MEVLANA=Severek yapıyorum bunları, sevgiyle.

T.ŞEMS=Sen herkesin sevgilisi olmalısın  Celalettin. Birde görelim bakalım hangi kitapları okuyorsun. ?

MEVLANA=Babam, Bilginler sultanı, Bahaeddin Veled’in ve şeyhim Burhaneddin’in… öteki ustaların…

T.ŞEMS=Hep aynı çember içindesin.

Şems, Mevlana’nın teklifini kabul eder ve onun  dergâhında kalmaya başlar. Mevlana’nın hayatını ve çevresini sorgulamaya başlarlar. Mevlana’nın dostları, kitapları, irşad faaliyetleri, gündelik hayatını sorgulamaya başlarlar. Şems,  Mevlana’ya yeni bir hayat, yeni bir ışık önermektedir.

MEVLANA=Ben attığım adımlara dikkat ediyorum.

T.ŞEMS=Kalıplardan kurtul Celalettin! Söylenmeyeni bil, görünmeyeni gör, duyulmayanı duy. Ötelere aklın ötesine ulaş. Duygu denizine, aşk  denizine. Gerçek orda, hayat orda, ölüm orda…

MEVLANA=Sen şeyh ol bende müridin..

T.ŞEMS=Benim, şeyhlik, müritlik gibi ilişkiler hoşuma gitmez. Ben dostluk, arkadaşlık isterim. Fikir yoldaşlığı, durmadan tartışacağım, kavga edeceğim biri.

MEVLANA=Kuş ancak, kendi cinsinden olanlarla uçar. Kendi dengi olmayanla ahbaplık insan için ölümdür. Sen beklediğim dostsun.

T.ŞEMS=Sende aradığım ve bulduğum. Ama dostluk tek yanlı olmaz. Gönülden gönüle pencere vardır… Ve er kişi dostu yüzünden başına ne belalar gelirse ona katlanır.

MEVLANA=Akıllı insan, dostunu başına gelecek belalardan ibret alır.

Artık günlerini hep birlikte geçirmekte ve dostluk, gerçek aşk, sadakat ve sırlar alami hakkında konuşmalar ve sohbetler yapmaktadırlar. Her ikisi de birbirlerinde yarım olan, yarım kalan bir şeyleri tamamlamışlar gibidir. Fakat bu birliktelikleri yavaş yavaş Mevlana’nın müritleri ve yakınları tarafından kıskançlık ve öfke ile karşılanmaya başlamıştır. Mevlana, Şems’e kavuştuktan sonra diğer dostlarını ailesini, müritlerini ve sevenlerini ihmal etmeye başlamıştır.
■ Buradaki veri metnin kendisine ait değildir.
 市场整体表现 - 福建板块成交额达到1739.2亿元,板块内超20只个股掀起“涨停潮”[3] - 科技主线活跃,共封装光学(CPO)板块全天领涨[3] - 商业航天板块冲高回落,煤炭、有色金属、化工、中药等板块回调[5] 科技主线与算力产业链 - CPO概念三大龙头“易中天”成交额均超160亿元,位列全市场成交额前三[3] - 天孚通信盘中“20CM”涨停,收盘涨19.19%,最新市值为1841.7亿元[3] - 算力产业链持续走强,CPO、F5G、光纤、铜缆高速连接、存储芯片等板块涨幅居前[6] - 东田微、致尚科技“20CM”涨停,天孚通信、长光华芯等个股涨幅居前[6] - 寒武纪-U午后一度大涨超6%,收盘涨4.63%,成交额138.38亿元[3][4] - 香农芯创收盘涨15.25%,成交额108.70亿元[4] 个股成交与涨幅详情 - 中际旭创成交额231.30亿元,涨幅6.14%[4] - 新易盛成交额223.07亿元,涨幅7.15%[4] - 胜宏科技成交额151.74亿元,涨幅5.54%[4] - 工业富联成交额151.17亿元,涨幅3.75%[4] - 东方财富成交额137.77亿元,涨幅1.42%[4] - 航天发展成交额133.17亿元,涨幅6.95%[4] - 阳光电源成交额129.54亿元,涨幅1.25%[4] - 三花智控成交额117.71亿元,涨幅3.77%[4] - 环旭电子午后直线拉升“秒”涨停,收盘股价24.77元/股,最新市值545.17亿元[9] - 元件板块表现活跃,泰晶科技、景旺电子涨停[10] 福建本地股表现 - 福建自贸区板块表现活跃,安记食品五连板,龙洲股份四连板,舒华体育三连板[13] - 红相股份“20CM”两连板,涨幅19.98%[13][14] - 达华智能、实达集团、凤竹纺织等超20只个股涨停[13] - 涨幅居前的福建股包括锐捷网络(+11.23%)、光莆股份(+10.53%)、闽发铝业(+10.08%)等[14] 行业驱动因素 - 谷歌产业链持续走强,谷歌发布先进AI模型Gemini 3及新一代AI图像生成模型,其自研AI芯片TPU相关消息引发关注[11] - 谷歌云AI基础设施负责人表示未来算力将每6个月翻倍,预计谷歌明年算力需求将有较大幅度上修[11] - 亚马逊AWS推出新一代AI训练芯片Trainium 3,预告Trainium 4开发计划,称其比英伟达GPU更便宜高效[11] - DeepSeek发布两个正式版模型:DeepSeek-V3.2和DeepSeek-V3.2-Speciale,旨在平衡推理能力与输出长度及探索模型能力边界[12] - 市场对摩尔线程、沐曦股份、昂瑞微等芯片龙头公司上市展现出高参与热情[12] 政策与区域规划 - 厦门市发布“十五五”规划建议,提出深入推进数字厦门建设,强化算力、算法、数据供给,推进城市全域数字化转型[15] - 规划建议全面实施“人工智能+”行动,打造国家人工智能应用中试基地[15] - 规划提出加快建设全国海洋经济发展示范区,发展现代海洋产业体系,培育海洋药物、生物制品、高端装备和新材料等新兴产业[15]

T.ŞEMS=Ömrü yeterse Celalettin benim hem iyi hem kötü yanlarım vardır. Sen ikisini de gör.

MEVLANA=Gözlerimiz çirkinlikleri değil, güzellikleri görmek için yaratıldı.

T.ŞEMS=İyi insanın gözü kötülükleri görmez senin gibi.

MEVLANA=Bir akılla başka bir akıl birleşince kötü sözle kötü işe engel olur. Dostluğumuzla bunu başaracağız birlikte.

T.ŞEMS=Bana veli diyorlar bununla öğünürsem bu çirkin kaçar. Asıl veli olan sensin.

MEVLANA=Ey Şems ölüydüm dirildim, ağlayıştım gülüş oldum. Yalnızdım dostumu buldum.

 

Müritlerin ve yakınlarının bu tepkileri Mevlana ile Şems’in de huzurunu kaçırmış Şems’e olan baskılar çok artmıştır. Müritler ve dğer dostları Şems’i Konya’dan uzaklaştırmak için planlar yapmaya başlarlar. Şems’e karşı tavır alarak artık onu Konya’da istemediklerini belli eden hareketler ve tutumlar içine girerler.

 

1.MÜRİD=Şeyhimiz bizi unuttu.

2.MÜRİD=Ne ders veriyor, ne vaaz. Nede söyleşi.

3.MÜRİD=Mahkemede işi olanlar için de fetva vermiyor.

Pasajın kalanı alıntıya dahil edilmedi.